# ASSIGNED TASK:
Each line of the material must be repeated precisely, with the pictures left out.

# DATASET:

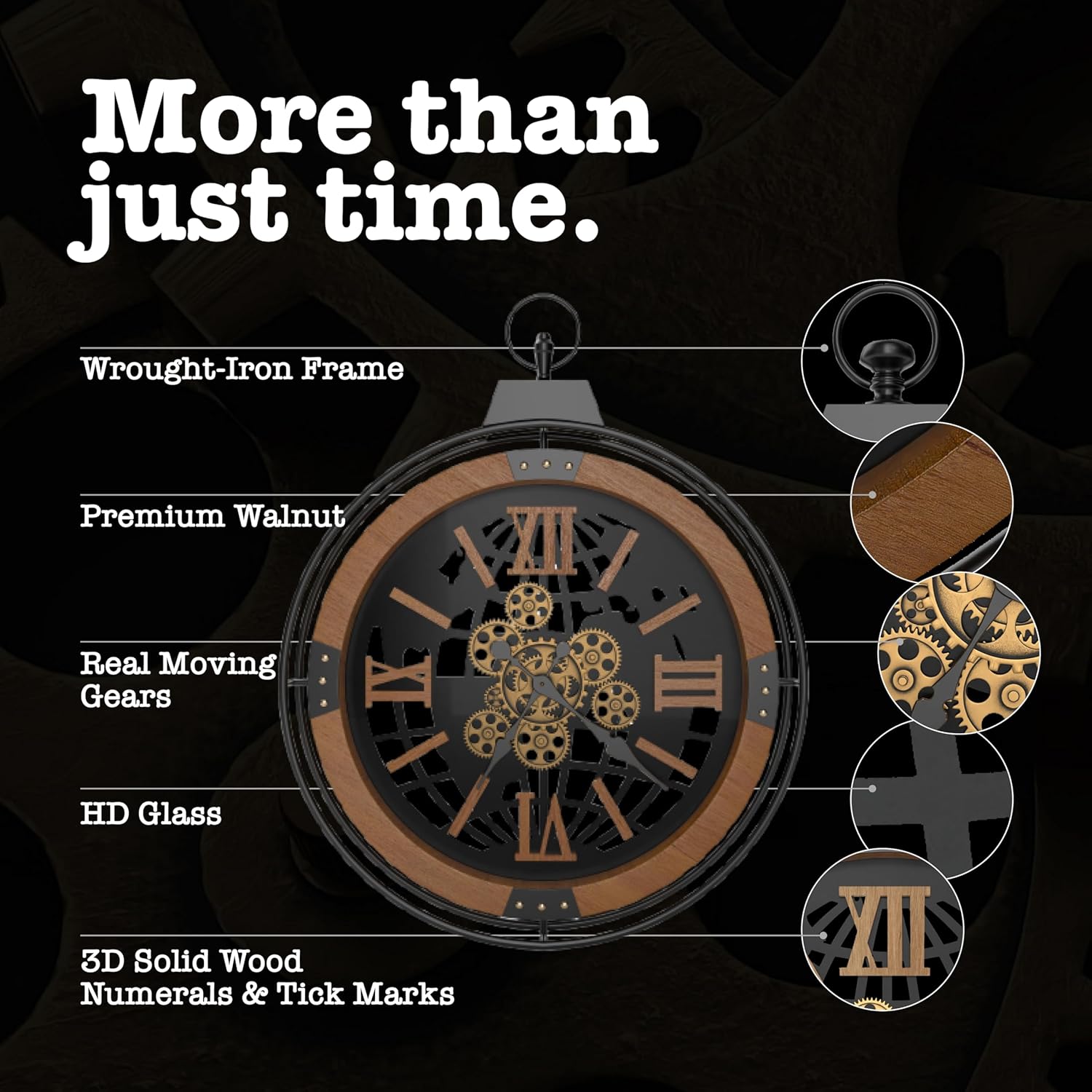 - TIMELESS STYLE: Stay on schedule with your new Driini Large Rustic Wall Clock. This oversized, 18 inch moving gear wall clock features a premium wooden frame, and a decorative black wrought-iron skeleton. The clock face is protected by a HD tempered glass for clear visibility and durability. A big, looped handle on top adds to its aesthetic as an industrial steampunk clock or gothic clock, while also invoking nautical and farmhouse vibes. Hand-cut 3D solid wood Roman numerals and tick marks are individually mounted to ensure visibility from any angle.
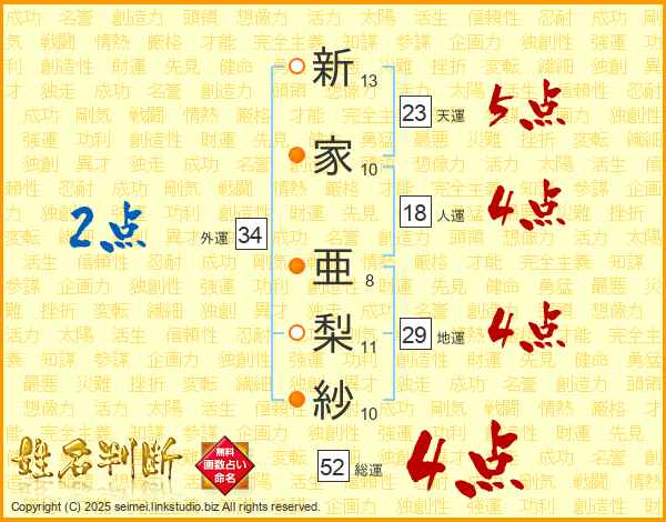 新(13画)家(10画) 亜(8画)梨(11画)紗(10画)
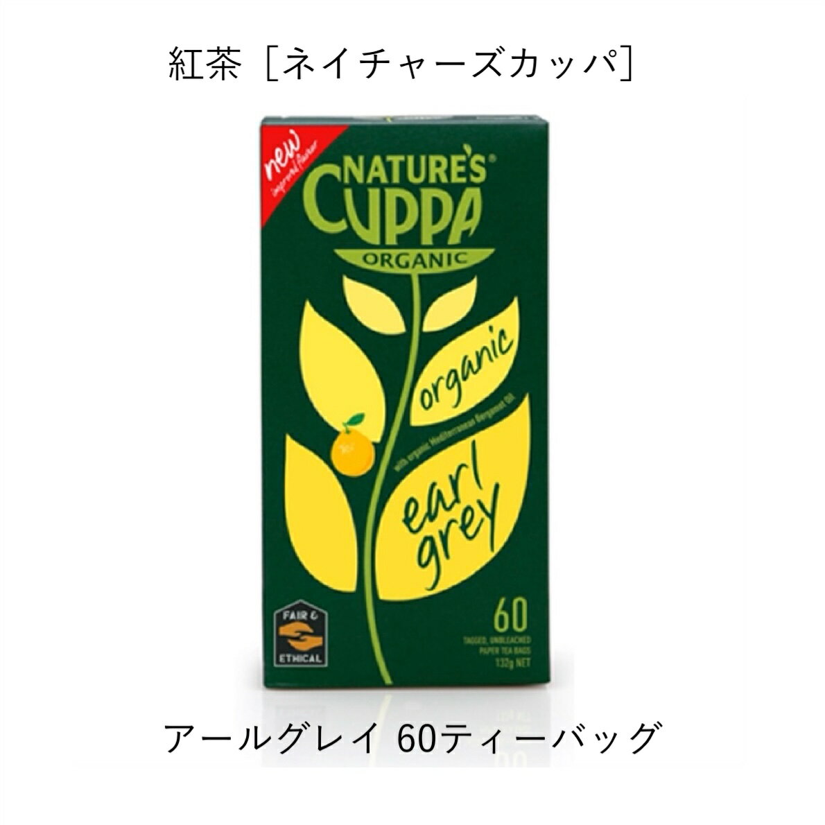 紅茶[ネイチャーズカッパ]アールグレイ 60ティーバッグ[ナチュラル&フェアトレード紅茶 / USDA] スリランカ高地の農園で栽培された上質な茶葉に、地中海で育った天然のベルガモットの香りをブレンドしました。 ホットでもアイスでも一年中楽しむことができる紅茶です。 Nature’s Cuppaは1986年オーストラリアのメルボルンで誕生した紅茶ブランドです。 化学合成農薬や化学肥料に頼らず、NASAA・USDA認証の農園で栽培された茶葉はすべて手で摘み取られています。 またフェアトレードにより、Nature’s Cuppaに関わるすべての人々が利益を分かち合い公正な取引を行っています。 味と香り、環境やエコにこだわった最高品質の紅茶をお届けします。 スリランカ高地の農園で栽培された上質な茶葉に、地中海で育った天然のベルガモットの香りをブレンドしました。 ホットでもアイスでも一年中楽しむことができる紅茶です。 名 称:紅茶原材料:紅茶 / 香料(ベルガモットオイル)内容量:132g (2.2g×60ティーバッグ)原産国:スリランカ認 証:NASAA / USDA無漂白ティーバッグFAIR & ETHICALNaturally 98% caffeine free (カフェイン含有量2%未満)*本製品はカフェインを含有しております。 【パッケージについて】・箱入り:通常パッケージ・業務用(箱無):業務用パック。 外箱なし。 袋入り。 ・ネコポス用:ネコポス配送用パッケージ。 外箱なし。 袋入り。 送料がお得。 ※一袋に60ティーバッグ(ネコポス用は30ティーバッグ×2袋)がまとめて入ってます。 (小包装ではありません/チャックなし袋)保存方法について・直射日光・高温多湿をさけて保存してください。 ・開封後はお早めにお召し上がりください。 配送について・宅急便:箱あり60ティーバッグ、業務用(箱無)60ティーバッグ・ネコポス:ネコポス用60ティーバッグネコポス配送について・配送はネコポス(ヤマト運輸)・ポスト投函(配送先ポストへお届け)・ポストへのお届けが難しい場合には不在票が入ります。 ・日時指定不可(追跡可能)・常温配送・簡易梱包(潰れ・へこみなど損傷の可能性がございます)・ご発注数により複数口や宅急便発送となる場合がございます。 5
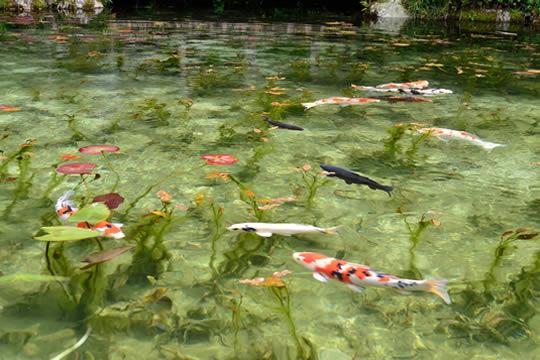 関市板取の根道神社境内にある名もなき池。透明度の高い湧水に咲く睡蓮と、色とりどりの錦鯉が泳ぐ姿がとても美しく、フランスの画家クロード・モネが描いた『睡蓮』に似ていることから、通称「モネの池」と呼ばれています。ネットやテレビなどでも紹介され、特に初夏の睡蓮の花が咲く時期はプロアマ問わず多くのカメラマンの撮影スポットに。
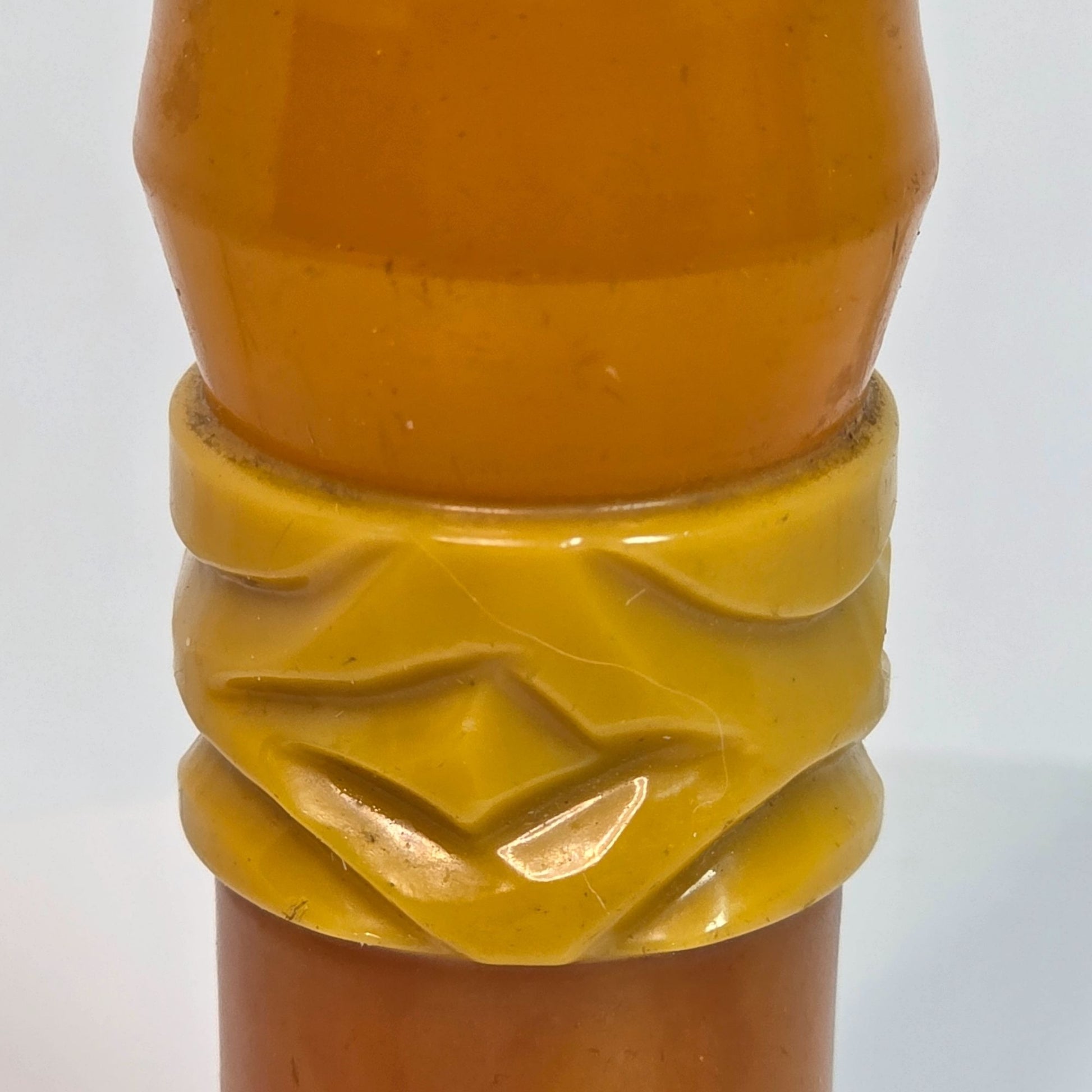 Vintage Amber & Yellow Bakelite Cane Or Umbrella Handle With Carved Detailing

# SOLUTION TO THE EXERCISE:
 - TIMELESS STYLE: Stay on schedule with your new Driini Large Rustic Wall Clock. This oversized, 18 inch moving gear wall clock features a premium wooden frame, and a decorative black wrought-iron skeleton. The clock face is protected by a HD tempered glass for clear visibility and durability. A big, looped handle on top adds to its aesthetic as an industrial steampunk clock or gothic clock, while also invoking nautical and farmhouse vibes. Hand-cut 3D solid wood Roman numerals and tick marks are individually mounted to ensure visibility from any angle.
 新(13画)家(10画) 亜(8画)梨(11画)紗(10画)
 紅茶[ネイチャーズカッパ]アールグレイ 60ティーバッグ[ナチュラル&フェアトレード紅茶 / USDA] スリランカ高地の農園で栽培された上質な茶葉に、地中海で育った天然のベルガモットの香りをブレンドしました。 ホットでもアイスでも一年中楽しむことができる紅茶です。 Nature’s Cuppaは1986年オーストラリアのメルボルンで誕生した紅茶ブランドです。 化学合成農薬や化学肥料に頼らず、NASAA・USDA認証の農園で栽培された茶葉はすべて手で摘み取られています。 またフェアトレードにより、Nature’s Cuppaに関わるすべての人々が利益を分かち合い公正な取引を行っています。 味と香り、環境やエコにこだわった最高品質の紅茶をお届けします。 スリランカ高地の農園で栽培された上質な茶葉に、地中海で育った天然のベルガモットの香りをブレンドしました。 ホットでもアイスでも一年中楽しむことができる紅茶です。 名 称:紅茶原材料:紅茶 / 香料(ベルガモットオイル)内容量:132g (2.2g×60ティーバッグ)原産国:スリランカ認 証:NASAA / USDA無漂白ティーバッグFAIR & ETHICALNaturally 98% caffeine free (カフェイン含有量2%未満)*本製品はカフェインを含有しております。 【パッケージについて】・箱入り:通常パッケージ・業務用(箱無):業務用パック。 外箱なし。 袋入り。 ・ネコポス用:ネコポス配送用パッケージ。 外箱なし。 袋入り。 送料がお得。 ※一袋に60ティーバッグ(ネコポス用は30ティーバッグ×2袋)がまとめて入ってます。 (小包装ではありません/チャックなし袋)保存方法について・直射日光・高温多湿をさけて保存してください。 ・開封後はお早めにお召し上がりください。 配送について・宅急便:箱あり60ティーバッグ、業務用(箱無)60ティーバッグ・ネコポス:ネコポス用60ティーバッグネコポス配送について・配送はネコポス(ヤマト運輸)・ポスト投函(配送先ポストへお届け)・ポストへのお届けが難しい場合には不在票が入ります。 ・日時指定不可(追跡可能)・常温配送・簡易梱包(潰れ・へこみなど損傷の可能性がございます)・ご発注数により複数口や宅急便発送となる場合がございます。 5
 関市板取の根道神社境内にある名もなき池。透明度の高い湧水に咲く睡蓮と、色とりどりの錦鯉が泳ぐ姿がとても美しく、フランスの画家クロード・モネが描いた『睡蓮』に似ていることから、通称「モネの池」と呼ばれています。ネットやテレビなどでも紹介され、特に初夏の睡蓮の花が咲く時期はプロアマ問わず多くのカメラマンの撮影スポットに。
 Vintage Amber & Yellow Bakelite Cane Or Umbrella Handle With Carved Detailing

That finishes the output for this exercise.